• _Your assignment_: Reproduce the listing in full, pictures excluded.

Materials provided Start Marker

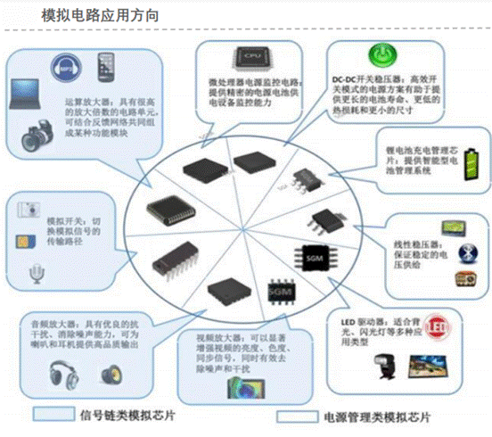 1.模擬芯片:放大器、數(shù)據(jù)轉(zhuǎn)換、比較器、電源管理、數(shù)據(jù)轉(zhuǎn)換芯片等產(chǎn)品進行應(yīng)用。模擬類產(chǎn)品不同,產(chǎn)品功能多樣且考核指標(biāo)繁多,沒有嚴格意義上性能優(yōu)越的模擬芯片。
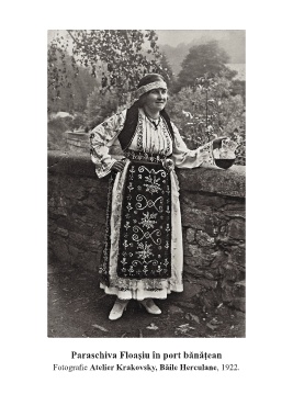 Paraschiva Floaşiu în port bănăţean Fotografie Atelier Krakovsky, Băile Herculane, 1922.
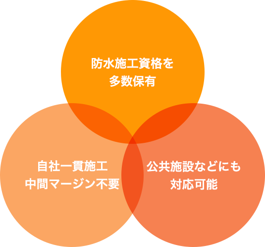 当社は、防水工事に関する資格を複数保有しているため、信頼性が高く、安心して工事を任せていただくことができます。また、自社一貫で施工のため中間マージンが不要です。
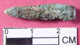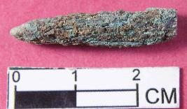 | Description / विवरण | A fragment of copper nail with pointed end and irregular shape and size. It has rough surface and is fully corroded |
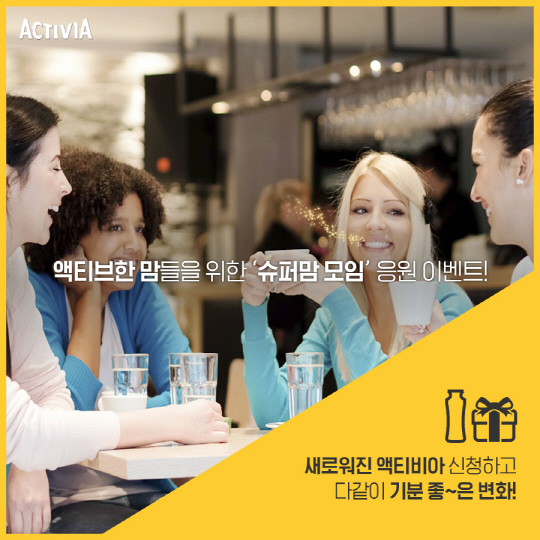 세계 판매 1위 요거트 브랜드 액티비아(Activia)(www.activia.co.kr)가 활기찬 엄마들에게 액티비아를 지원하는 '슈퍼맘 모임' 응원 이벤트를 진행한다.
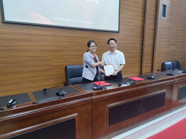 决赛现场,深圳市长隆科技有限公司向学院捐赠了本次大赛的主题产品,共计价值7万余元的“芬克智能快速检测仪”,为环院学子专业学习提供帮助。陈煜辉总裁,环境监测系主任郭璐璐代表校企签署捐赠协议。
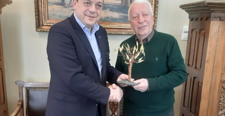 Στο δεύτερο μέρος της συναντήσεως παρευρέθη ο Δήμαρχος Χίου Γιάννης Μαλαφής, ο οποίος τον ενημέρωσε για την εξόρυξη αντιμονίου.
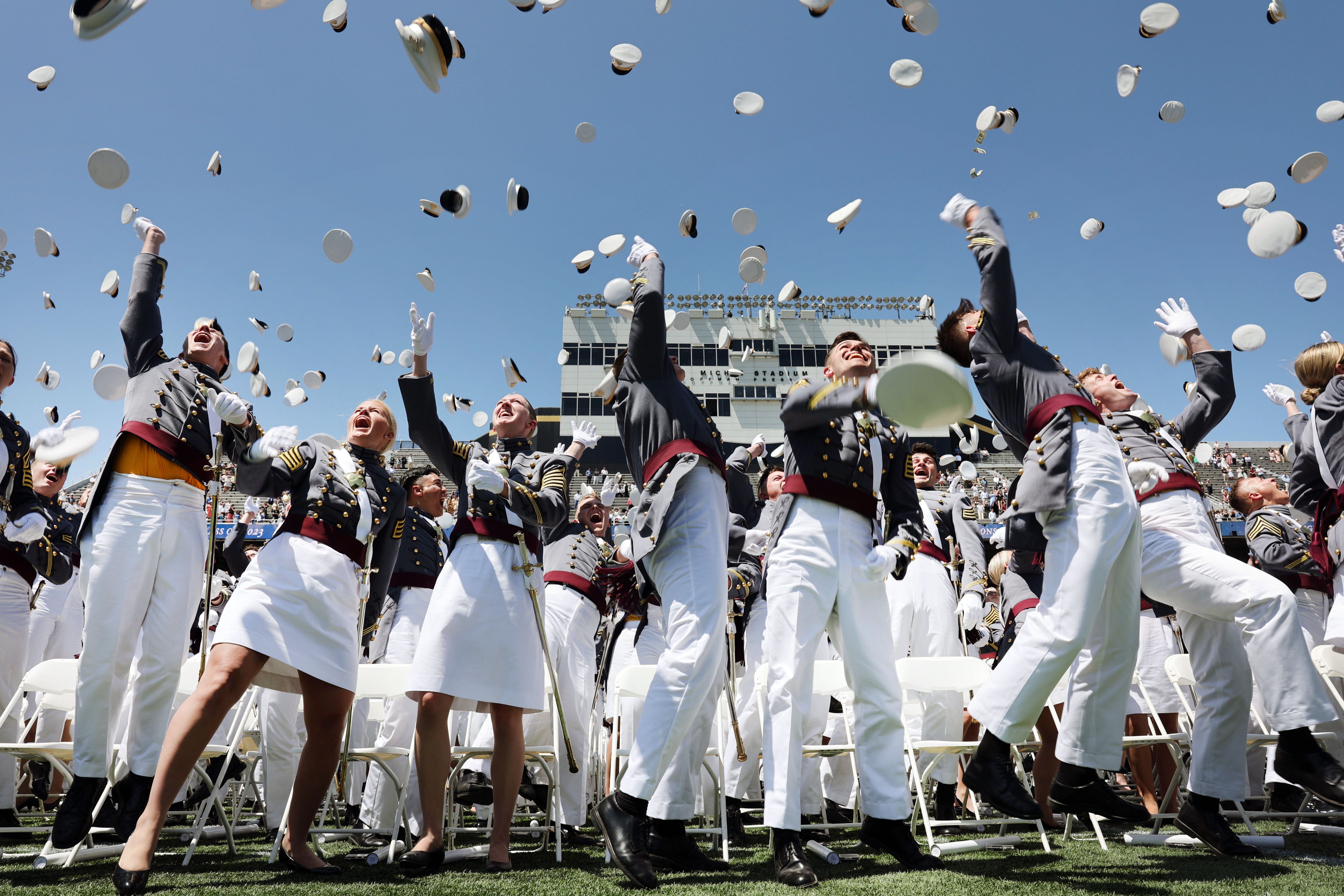 Graduation cadets toss their hats into the air following the conclusion of ceremonies at Michie Stadium at West Point's graduation on May 27, 2023 in West Point, New York. Vice President Kamala Harris will deliver the keynote speech at the ceremony, becoming the first woman to give a commencement address in the military academy's 221-year history. (Photo by Spencer Platt/Getty Images)
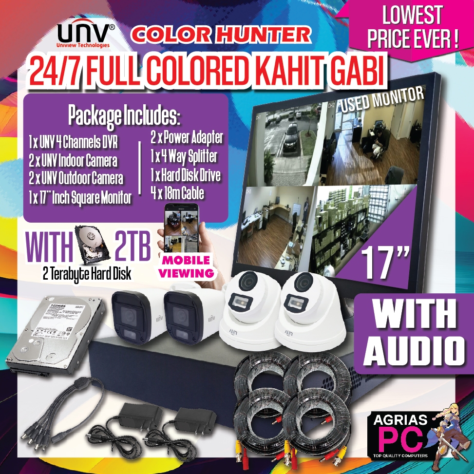 CCTV UNV COLOR HUNTER WITH AUDIO PACKAGE / DVR 4 Channel / WITH HARD DISK OPTION / MONITOR
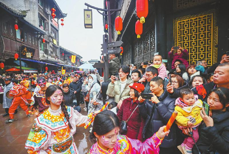 ②2月1日,遂宁市船山区龙凤古镇上演非遗大游演,现场为游客带来非遗代表性项目汕头英歌舞。刘昌松 摄(C视觉)
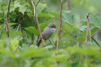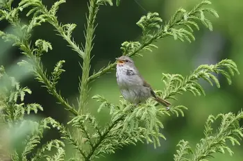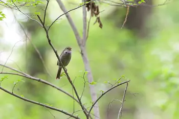 全長15.5cm(オス)。細身でオス・メス同色ですが、メスは2cmほども小さいのが普通です。日本では全国の平地から山地の林やその周辺にある藪で繁殖します。秋冬には山地のものは平地へ下ってきます。その頃は「チャッ チャッ」という声を出しています。「ホーホケキョ」。この鳴き声ゆえに、知らぬ人はいない、日本人にいちばん親しまれている鳥といえるでしょう。いつもヤブの中にかくれていて姿を見せないことが多いのですが、声ははっきりきこえます。ホーは吸う息、ホケキョは吐く息、胸をいっぱいふくらませてさえずります。「ホーホケキョ」と鳴くのは早春ということになっていますが、山登りをする人なら、「ホーホケキョ」は春先から盛夏まで聞くことができます。早春、人里で上手に「ホーホケキョ」と鳴く練習をしていたウグイスは、春の深まりとともに山へ帰って、巣づくりをするのです。また、オスが繁殖期に出す声のひとつを「谷渡り」といい、警戒を意味するといわれています。
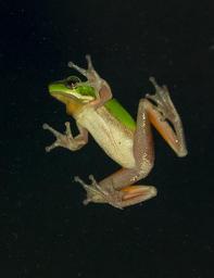Keywords: green tree frog green yellow tiny webbed feet window glass black night native queensland australia
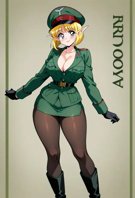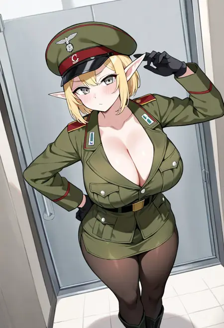 large breasts, pantyhose, thick thighs, green military general hat, green military army uniform, green miniskirt, blonde hair, short hair, elf, gray eyes, cleavage, belt, black boots, black arms, black gloves
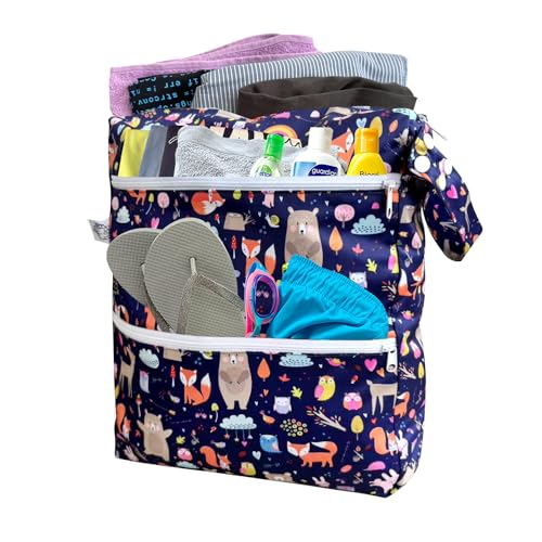 FLOCK THREE 3D Waterproof and Washable Wet Bag Luggage Organiser for Travel storage Stroller Daycare Baby Diapers Yoga Beach Pool Swimsuits Luggage Packing for Travel Accessories (Jungle Animals)
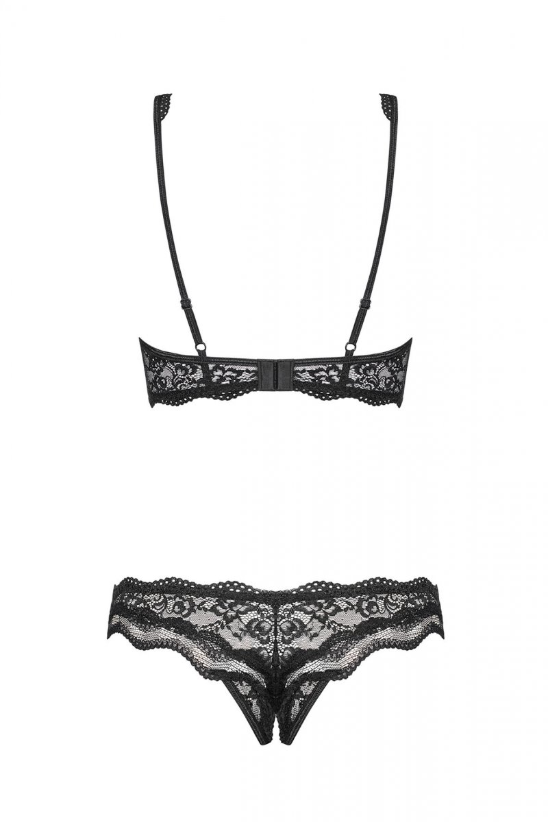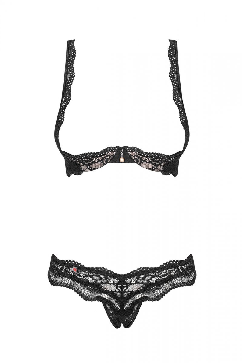 Set 2 Piese Lenjerie Luvae Fara Cupe Crotchless Negru S/M
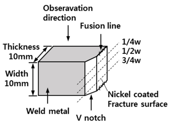 시편)에서 각각 표준 샤르피 충격시편을 채취한 후 FL 및 FL에서 모재쪽으로 1 mm 떨어진 곳 (FL+1)에서 V노치를 가공하였다. 충격시험은
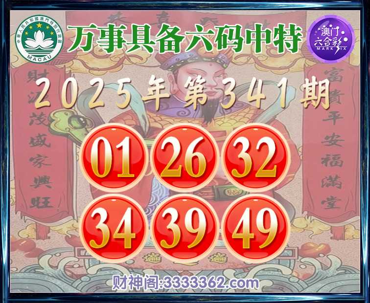 341期:【万事具备】 🌲六码中特🌲【01.26.32.34.39.49】开:00准

Materials provided End Marker

• _Problem solution_:
 1.模擬芯片:放大器、數(shù)據(jù)轉(zhuǎn)換、比較器、電源管理、數(shù)據(jù)轉(zhuǎn)換芯片等產(chǎn)品進行應(yīng)用。模擬類產(chǎn)品不同,產(chǎn)品功能多樣且考核指標(biāo)繁多,沒有嚴格意義上性能優(yōu)越的模擬芯片。
 Paraschiva Floaşiu în port bănăţean Fotografie Atelier Krakovsky, Băile Herculane, 1922.
 当社は、防水工事に関する資格を複数保有しているため、信頼性が高く、安心して工事を任せていただくことができます。また、自社一貫で施工のため中間マージンが不要です。
 | Description / विवरण | A fragment of copper nail with pointed end and irregular shape and size. It has rough surface and is fully corroded |
 세계 판매 1위 요거트 브랜드 액티비아(Activia)(www.activia.co.kr)가 활기찬 엄마들에게 액티비아를 지원하는 '슈퍼맘 모임' 응원 이벤트를 진행한다.
 决赛现场,深圳市长隆科技有限公司向学院捐赠了本次大赛的主题产品,共计价值7万余元的“芬克智能快速检测仪”,为环院学子专业学习提供帮助。陈煜辉总裁,环境监测系主任郭璐璐代表校企签署捐赠协议。
 Στο δεύτερο μέρος της συναντήσεως παρευρέθη ο Δήμαρχος Χίου Γιάννης Μαλαφής, ο οποίος τον ενημέρωσε για την εξόρυξη αντιμονίου.
 Graduation cadets toss their hats into the air following the conclusion of ceremonies at Michie Stadium at West Point's graduation on May 27, 2023 in West Point, New York. Vice President Kamala Harris will deliver the keynote speech at the ceremony, becoming the first woman to give a commencement address in the military academy's 221-year history. (Photo by Spencer Platt/Getty Images)
 CCTV UNV COLOR HUNTER WITH AUDIO PACKAGE / DVR 4 Channel / WITH HARD DISK OPTION / MONITOR
 ②2月1日,遂宁市船山区龙凤古镇上演非遗大游演,现场为游客带来非遗代表性项目汕头英歌舞。刘昌松 摄(C视觉)
 全長15.5cm(オス)。細身でオス・メス同色ですが、メスは2cmほども小さいのが普通です。日本では全国の平地から山地の林やその周辺にある藪で繁殖します。秋冬には山地のものは平地へ下ってきます。その頃は「チャッ チャッ」という声を出しています。「ホーホケキョ」。この鳴き声ゆえに、知らぬ人はいない、日本人にいちばん親しまれている鳥といえるでしょう。いつもヤブの中にかくれていて姿を見せないことが多いのですが、声ははっきりきこえます。ホーは吸う息、ホケキョは吐く息、胸をいっぱいふくらませてさえずります。「ホーホケキョ」と鳴くのは早春ということになっていますが、山登りをする人なら、「ホーホケキョ」は春先から盛夏まで聞くことができます。早春、人里で上手に「ホーホケキョ」と鳴く練習をしていたウグイスは、春の深まりとともに山へ帰って、巣づくりをするのです。また、オスが繁殖期に出す声のひとつを「谷渡り」といい、警戒を意味するといわれています。
Keywords: green tree frog green yellow tiny webbed feet window glass black night native queensland australia
 large breasts, pantyhose, thick thighs, green military general hat, green military army uniform, green miniskirt, blonde hair, short hair, elf, gray eyes, cleavage, belt, black boots, black arms, black gloves
 FLOCK THREE 3D Waterproof and Washable Wet Bag Luggage Organiser for Travel storage Stroller Daycare Baby Diapers Yoga Beach Pool Swimsuits Luggage Packing for Travel Accessories (Jungle Animals)
 Set 2 Piese Lenjerie Luvae Fara Cupe Crotchless Negru S/M
 시편)에서 각각 표준 샤르피 충격시편을 채취한 후 FL 및 FL에서 모재쪽으로 1 mm 떨어진 곳 (FL+1)에서 V노치를 가공하였다. 충격시험은
 341期:【万事具备】 🌲六码中特🌲【01.26.32.34.39.49】开:00准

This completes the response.